I apologize for this mass messaging, but needed to share something really really important regarding the kids and, in all honestly, our family.

In case you lost count, we have 5 kids.

That’s a lot (as folks frequently mention) of little people. Each arrival has brought increasing amounts of “stuff” into our house. Then consider birthday, Christmas, holidays that marketers have turned into “stuff” bonanzas and you can understand how the shelves, cupboards, baskets and bins in our home are overflowing.

Sadly, the gifts, doo-dads and souvenirs you have lovingly and thoughtfully brought our children are, more often than not, broken, lost,  or cast aside because there are just so many other “things” for them to burn through.

I’m so sorry – I don’t want to hurt your feelings or for you to think the kids don’t love you or that Ed and I don’t appreciate your generosity and thoughtfulness. They do and we do. However, I can say – and again, please don’t take this the wrong way, I can say that the kiddos do not appreciate what they are being given.  Yes, they say “please” and “thank you” (or at least they better be) but let me be clear, actions are louder than words and their actions are most certainly not saying “thank you.”

We are so fortunate to be able to provide them with everything they NEED. But their concept of need and appreciation and want are sorely out of wack and I ask you for help – you are our village – and I need your help. Please help us by not spending your money; rather offer your wisdom, your companionship, your time.

Why?

 

Because they have. So. Darn. Much.

 

So, if you are still speaking to me after reading this, I want to ask for your help.

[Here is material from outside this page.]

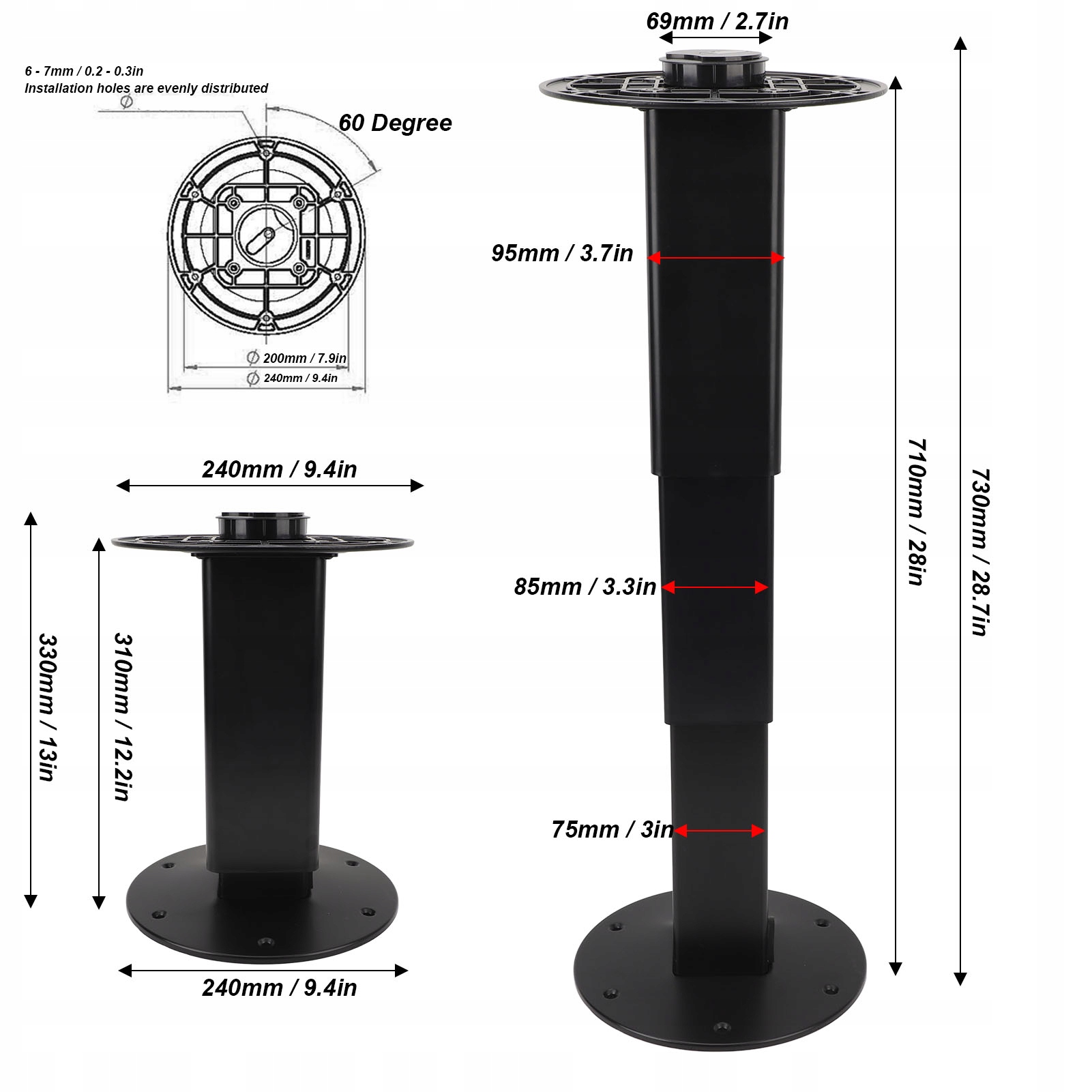 3. Безпечне кріплення: кругла основа діаметром 240 мм і кронштейн для кріплення столу забезпечують стійкість ніжок і стільниці столу. Отвори для гвинтів зарезервовані в опорній та верхній контактних пластинах для забезпечення надійного кріплення.

Please don’t buy my kids presents;  not for their birthdays, Christmas, not from the gift shop you pass when you’re out with them or the cute little “thing” you see that you are sure they will just love.

Please don’t bid on that eBay auction or spend that .50 cents or 50 dollars on that amazing find at a thrift store or yard sale.

Our kids are blessed by the people who love them, not the physical gifts you offer. They love you, not the gift bag in your hand. Help them remember that.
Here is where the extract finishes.